--- Available data ---

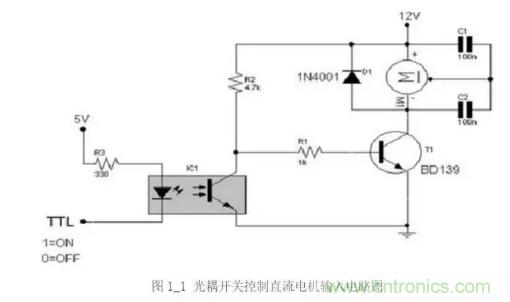 光耦(opticalcoupler)亦稱光電隔離器、光耦合器或光電耦合器。它是以光為媒介來傳輸電信號的器件,通常把發(fā)光器(紅外線發(fā)光二極管LED)與受光器(光敏半導(dǎo)體管)封裝在同一管殼內(nèi)。當輸入端加電信號時發(fā)光二極管發(fā)出光線,光敏三極管接受光線之后就產(chǎn)生光電流,從輸出端流出,從而實現(xiàn)了“電—光—電”轉(zhuǎn)換。典型應(yīng)用電路如下圖1-1所示。
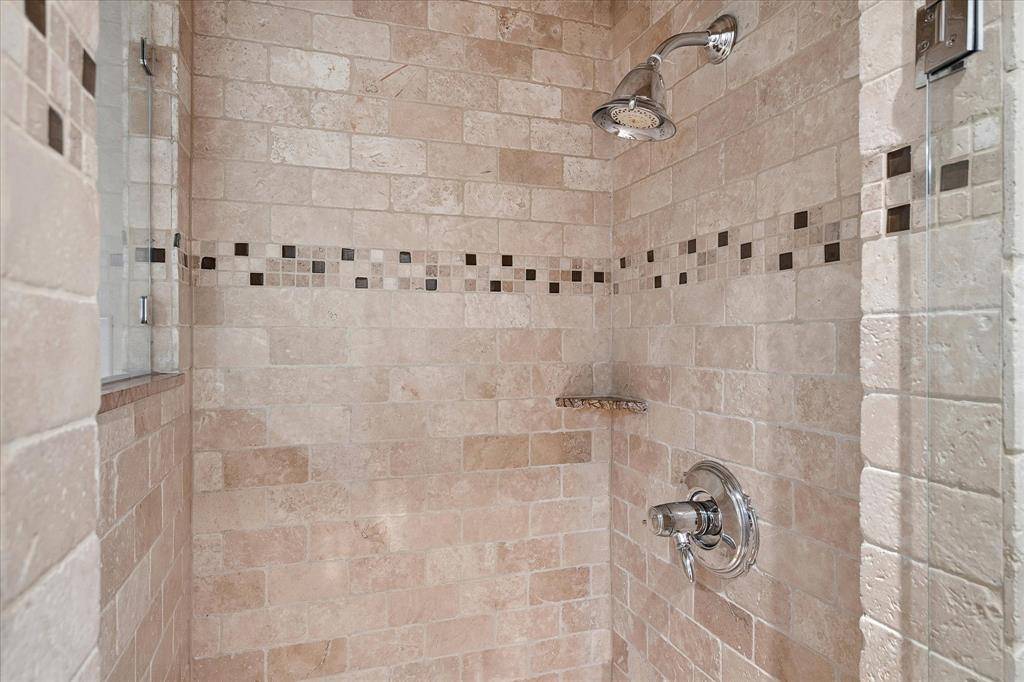 The Primary Suite Includes A Walk-In Closet, Ceiling Fan, And A Luxurious Bath With Double Sinks, A Large Walk-In Shower, And Heated Floors. The Secondary Bedroom Includes A Ceiling Fan And Two Closets. The Secondary Bath Provides A Granite Sink And Counter And A Walk-In Shower With Inlaid Stonework.
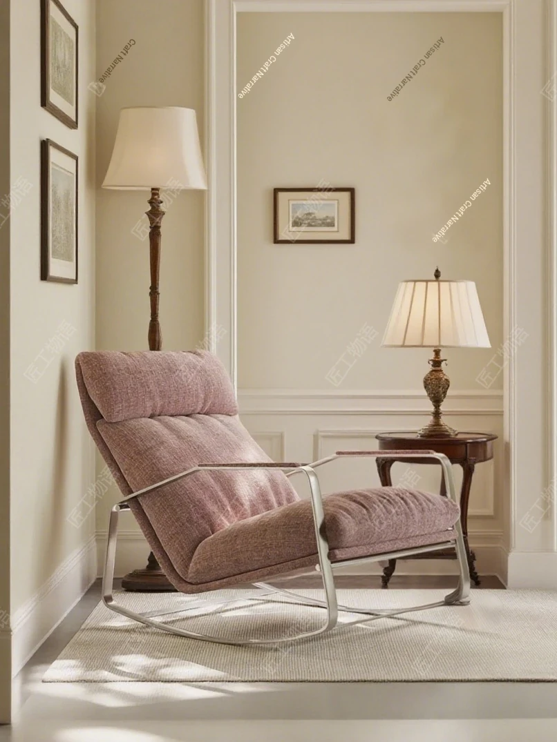 Modern Luxury Stainless Steel Single Sofa Chair - Stylish Fabric Lounge Rocking Chair for Bedroom, Living Room, Hotels, and B&Bs
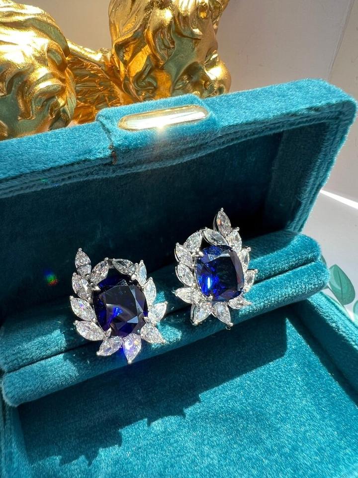 Elegant Silver Royal Blue Stone Stud Earrings Surrounded With Sparkling White Leaf Design Luxury Bridal Party Earring For Women
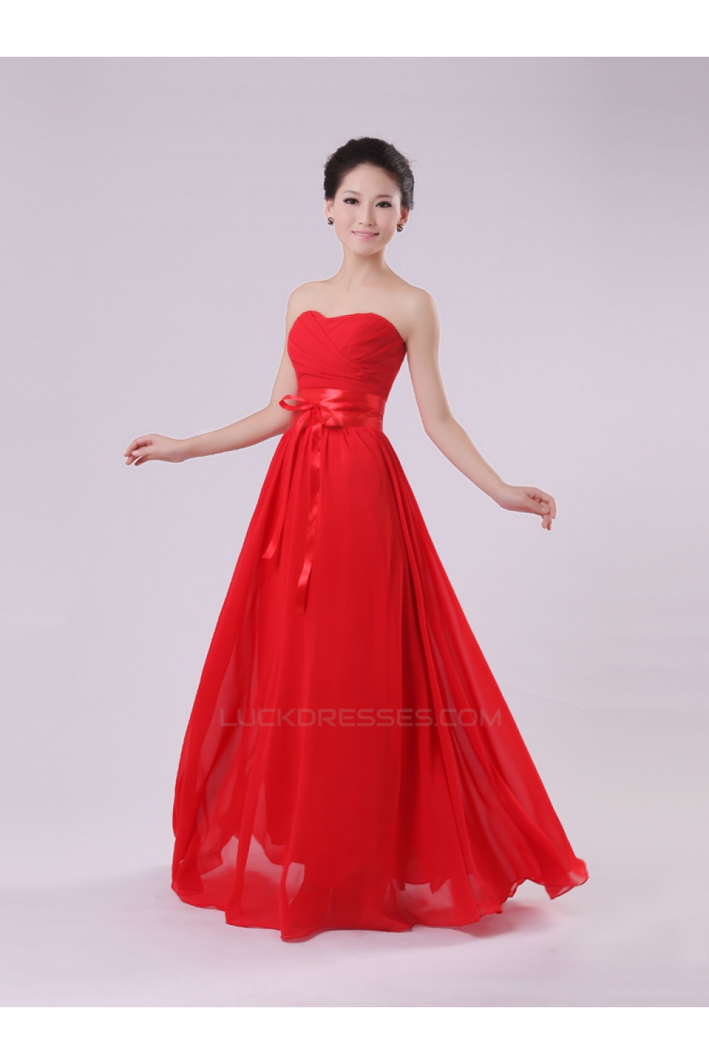 A-Line Strapless Long Red Chiffon Bridesmaid Dresses/Evening Dresses BD010572
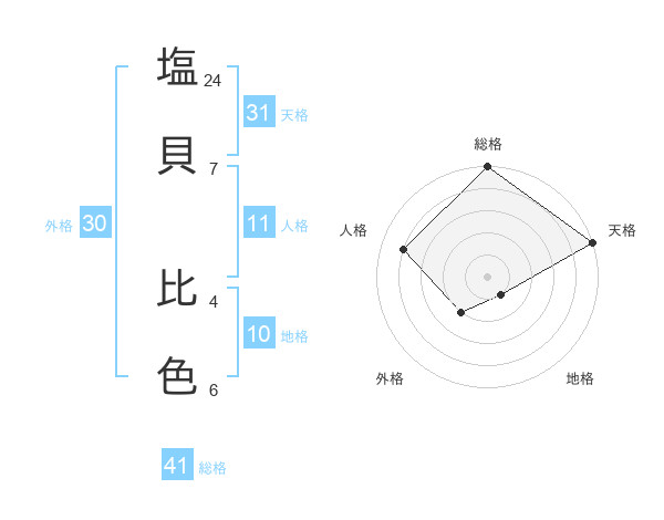 塩貝 比色さんを姓名の画数から五運を鑑定
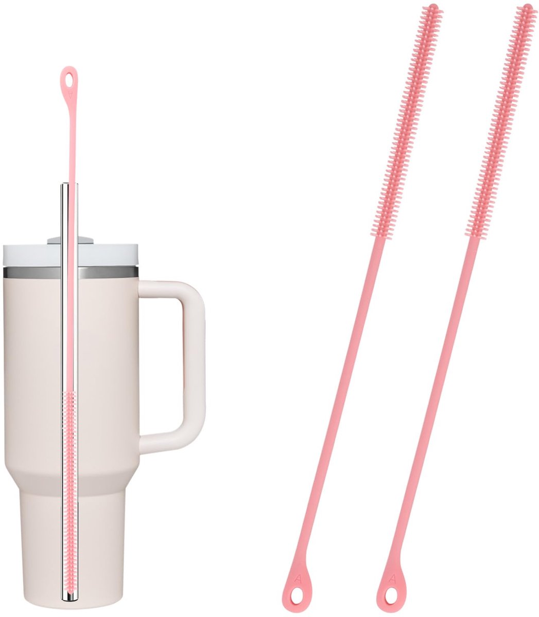 stuks siliconen rietjesreinigingsborstel, 24 cm extra lange herbruikbare borstel voor Stanley metalen glazen rietjes, buigzaam reinigingsgereedschap voor doppen, spleten, buizen en slangen (roze)
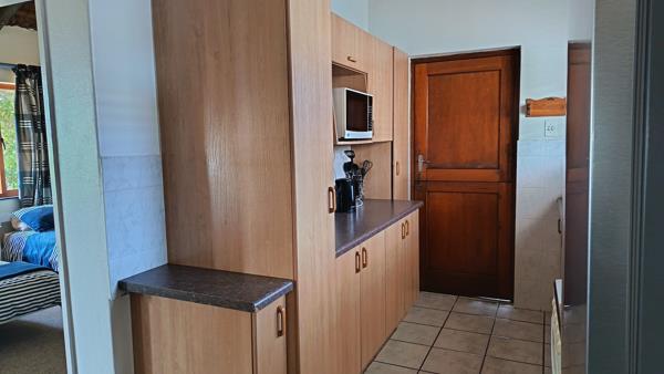 Inside, youll find a neat and functional layout featuring a full bathroom with bath, shower, basin, and toilet. The practical kitchen is equipped with a gas geyser, gas hob, and electric ovenperfect for energy-efficient, everyday cooking. The open-plan lounge and dining area creates a bright, airy space for relaxing or entertaining.
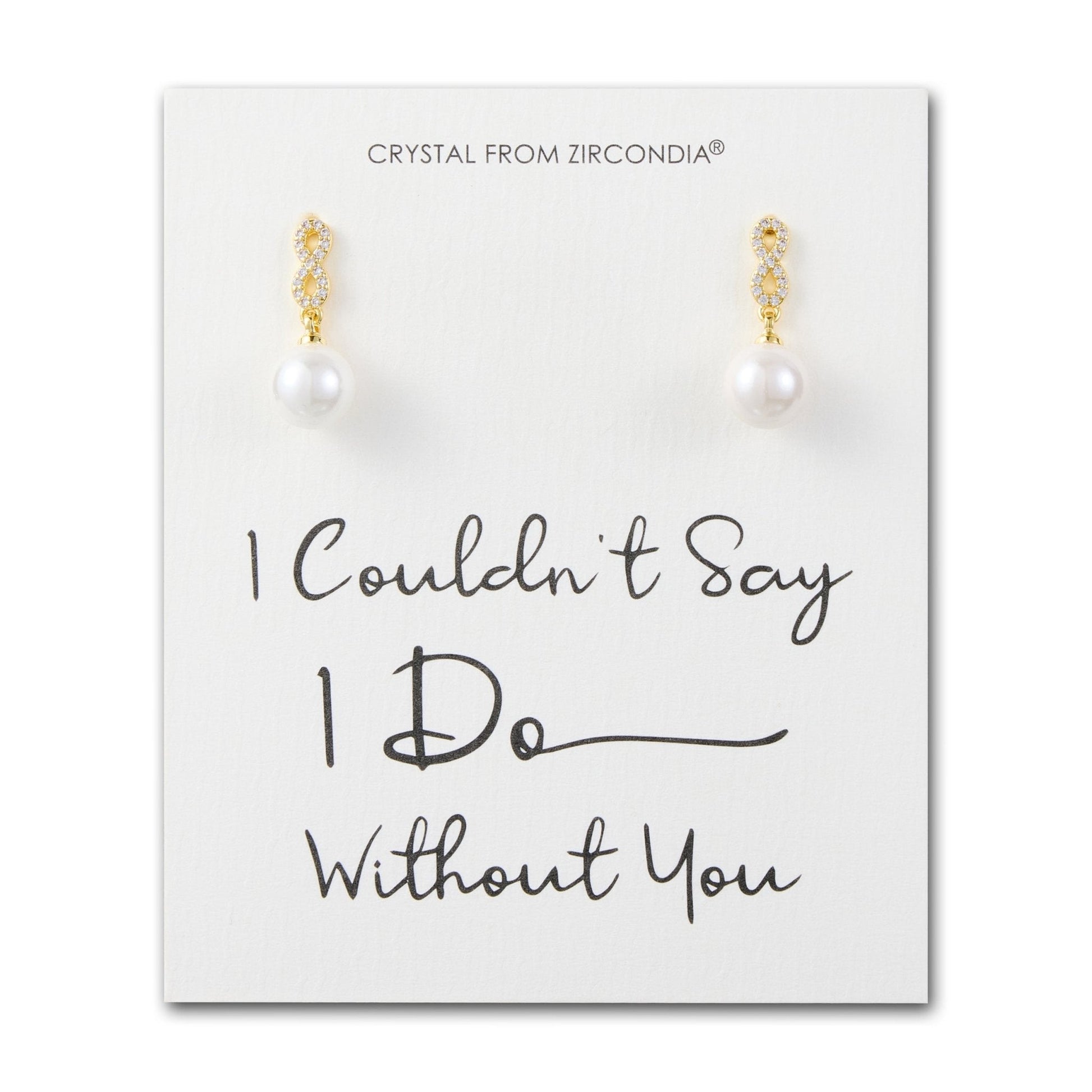 Gold Plated I Couldn't Say I Do Without You Infinity Pearl Drop Bridal Earrings with Zircondia® Crystals
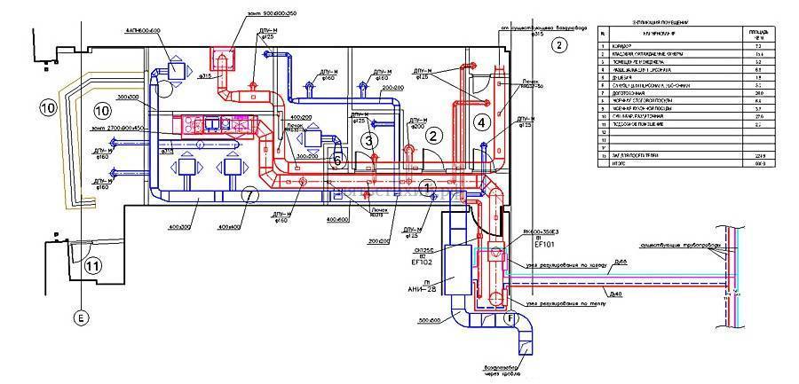 В стадии проектирования необходимо учитывать объем воздухообмена, за счет чего подбираются сечения вентиляционных труб. Это важный момент, от которого зависит эффективность работы всей системы. Обязательно учитывается производительность вентиляторов и места их установки.
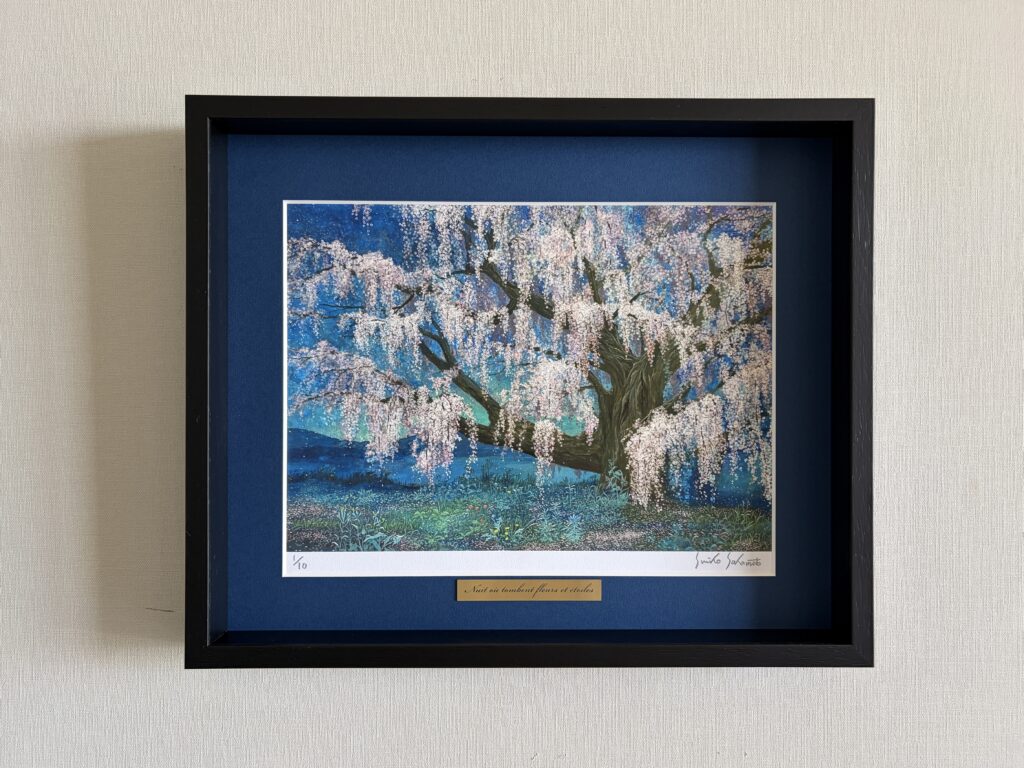 ル・サロンでの展示タイトル「Nuit où tombent fleurs et étoiles」のゴールドプレートを添え、署名と10部限定であることを示す通し番号を表記してお届けします。

---

• Work request:
What's needed is an exact copy of the records above from the line containing "Elegant Silver Royal" down to the line containing "塩貝 比色さんを姓名の画数から五運を鑑定", both included, without any pictures.

• Reply to the task:
 Elegant Silver Royal Blue Stone Stud Earrings Surrounded With Sparkling White Leaf Design Luxury Bridal Party Earring For Women
 A-Line Strapless Long Red Chiffon Bridesmaid Dresses/Evening Dresses BD010572
 塩貝 比色さんを姓名の画数から五運を鑑定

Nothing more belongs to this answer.